Excluding pictures, retype the line with "Haggardstown; County of" and each line that follows it to the end of the data below, word for word.

==== STUDY MATERIAL ====

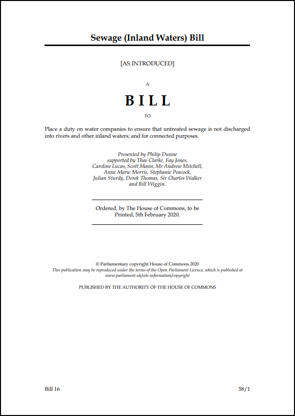 It is therefore timely that we focus on the Philip Dunne’s Private Member’s Bill, the Sewage (Inland Waters) Bill, which receives its second reading in the House of Commons on January 15.
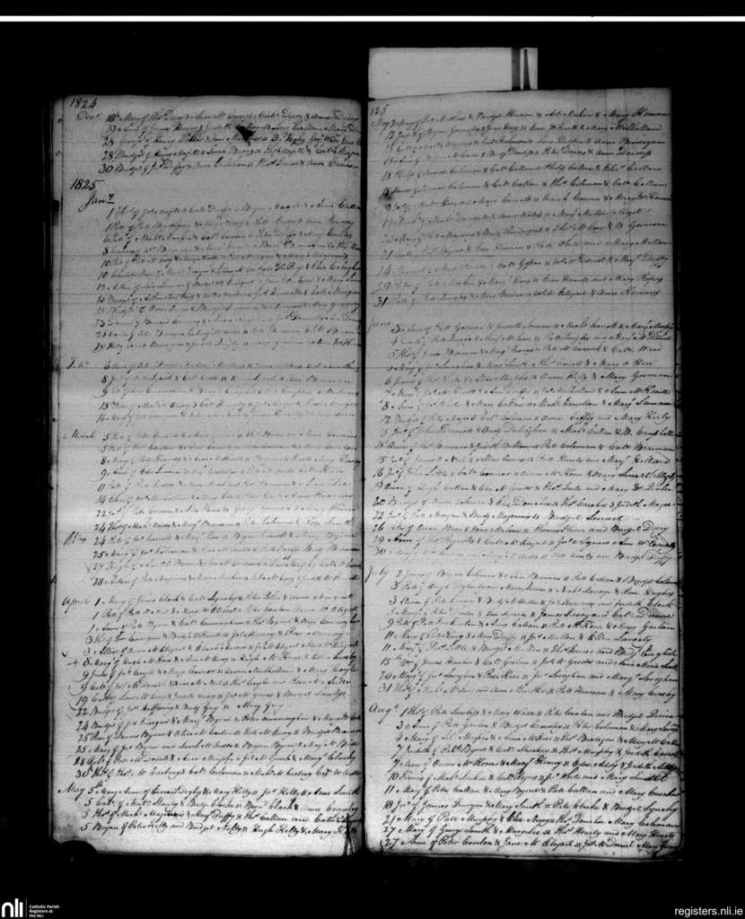 Haggardstown; County of Louth; Archdiocese of Armagh. Baptisms, Dec. 1824 to Aug. 1825
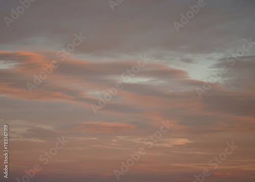 © Andriana Hoshko, Fototapeta premium Pinky sunset sky with pink clouds. Beautiful sky.
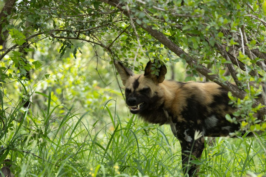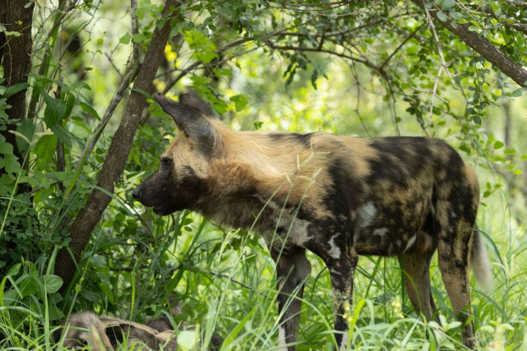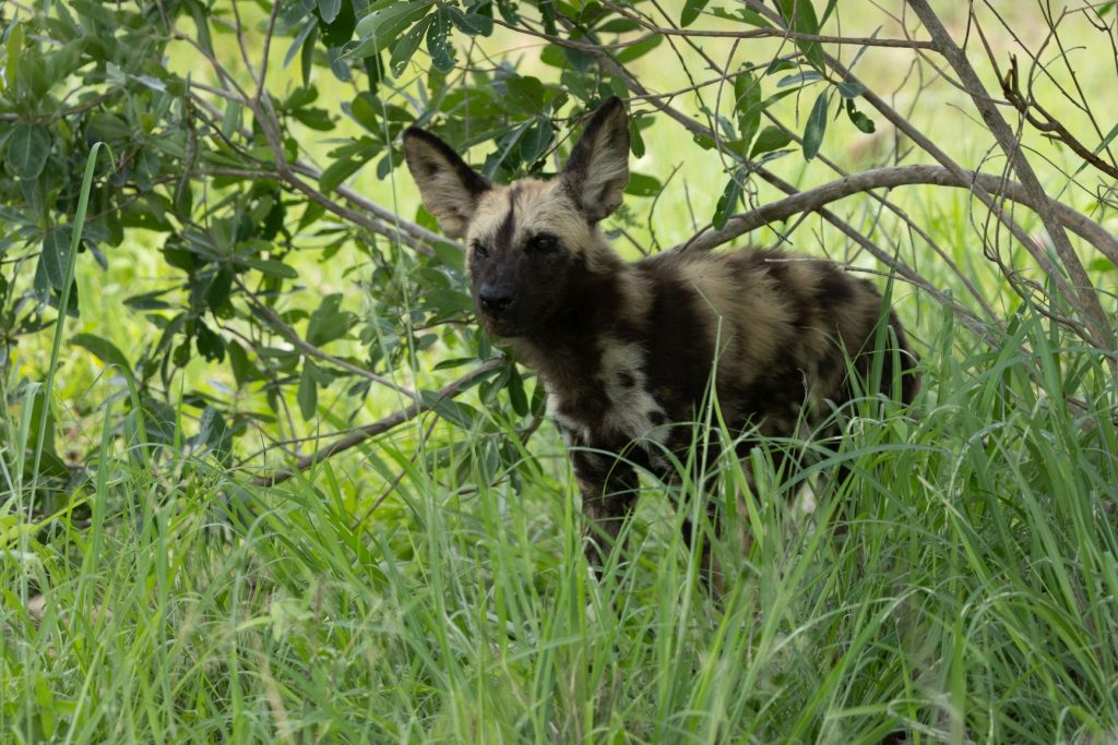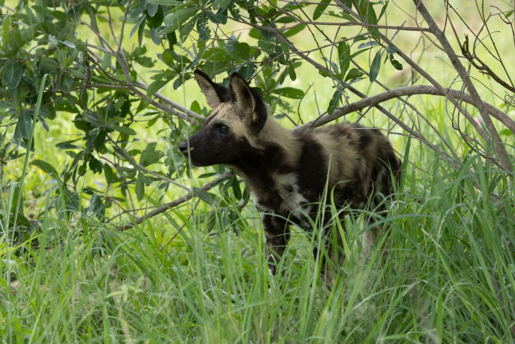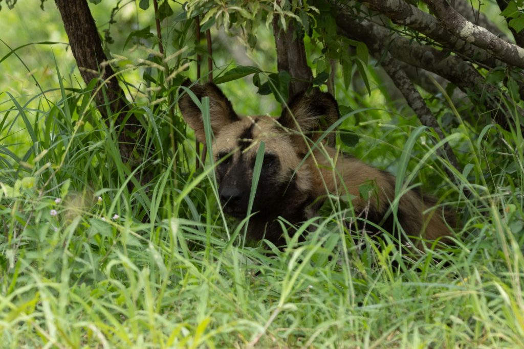 En al snel hadden we onze eerste interessante sighting, namelijk een aantal jonge wilde honden. Ze lagen onder een struik langs de weg, en daardoor konden we ze goed zien.
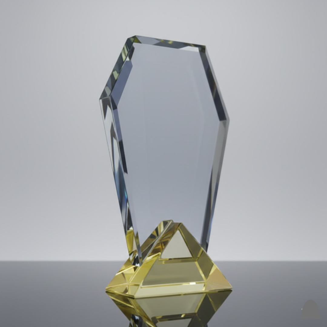 Clear Crystal Trophy with Engraving and Yellow Base

====

ANSWER FOR THE TASK –
 Haggardstown; County of Louth; Archdiocese of Armagh. Baptisms, Dec. 1824 to Aug. 1825
 © Andriana Hoshko, Fototapeta premium Pinky sunset sky with pink clouds. Beautiful sky.
 En al snel hadden we onze eerste interessante sighting, namelijk een aantal jonge wilde honden. Ze lagen onder een struik langs de weg, en daardoor konden we ze goed zien.
 Clear Crystal Trophy with Engraving and Yellow Base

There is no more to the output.